# What is required
Repeat the data word for word. Do not include the pictures.

# Exercise material
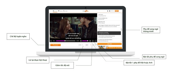Ngoài ra, thông qua hệ thống nhận dạng giọng nói người dùng còn có thể thực hành luyện phát âm, thực hành luyện nói qua hệ thống ghi âm và đặc biệt hơn còn cho phép bạn hóa thân vào các nhân vật trong phim.
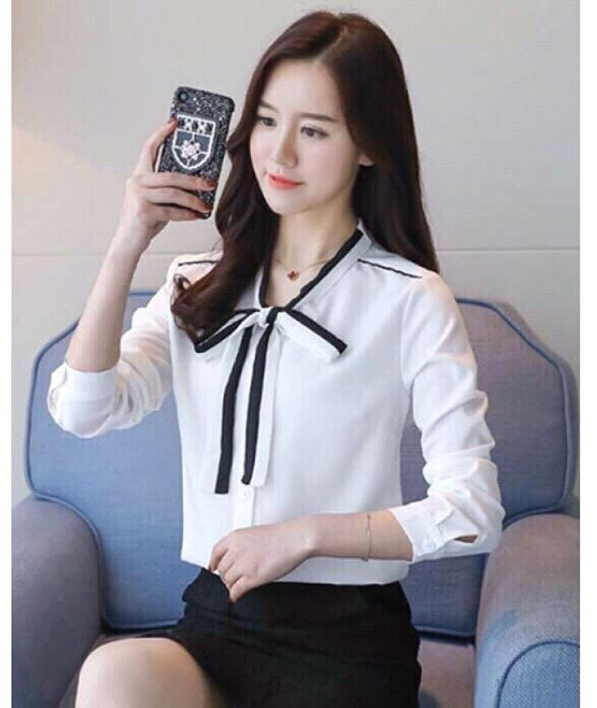 Dang áo kiểu thắt nơ cổ ,tay lỡ
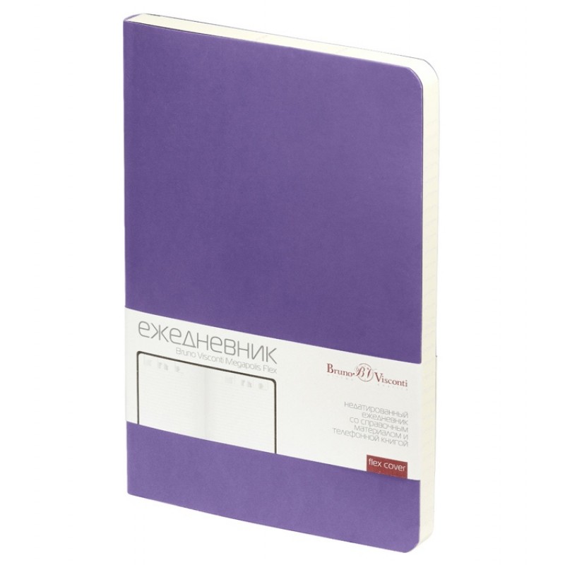 Недатированный ежедневник Megapolis Flex от бренда Bruno Visconti - это качественный корпоративный подарок по выгодной цене, произведенный специально под персонализацию. Представлен в универсальном формате А5 и состоит из 272 страниц. Элегантная закругленная flex обложка из гладкого кожзама имеет гибкую конструкцию и приятна на ощупь. А интегральный переплет позволяет сэкономить место в деловой сумке или портфеле – ежедневник можно просто свернуть в трубку или согнуть пополам.
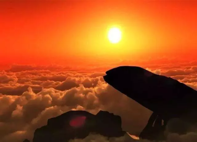 登臨絕頂攬勝境,彤彤旭日云中移。
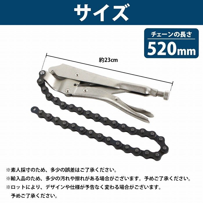商 品 説 明チェーンの取り付け位置を変えることにより、様々なサイズの管に対応できるチェーンレンチです。

# Result for this exercise
Ngoài ra, thông qua hệ thống nhận dạng giọng nói người dùng còn có thể thực hành luyện phát âm, thực hành luyện nói qua hệ thống ghi âm và đặc biệt hơn còn cho phép bạn hóa thân vào các nhân vật trong phim.
 Dang áo kiểu thắt nơ cổ ,tay lỡ
 Недатированный ежедневник Megapolis Flex от бренда Bruno Visconti - это качественный корпоративный подарок по выгодной цене, произведенный специально под персонализацию. Представлен в универсальном формате А5 и состоит из 272 страниц. Элегантная закругленная flex обложка из гладкого кожзама имеет гибкую конструкцию и приятна на ощупь. А интегральный переплет позволяет сэкономить место в деловой сумке или портфеле – ежедневник можно просто свернуть в трубку или согнуть пополам.
 登臨絕頂攬勝境,彤彤旭日云中移。
商 品 説 明チェーンの取り付け位置を変えることにより、様々なサイズの管に対応できるチェーンレンチです。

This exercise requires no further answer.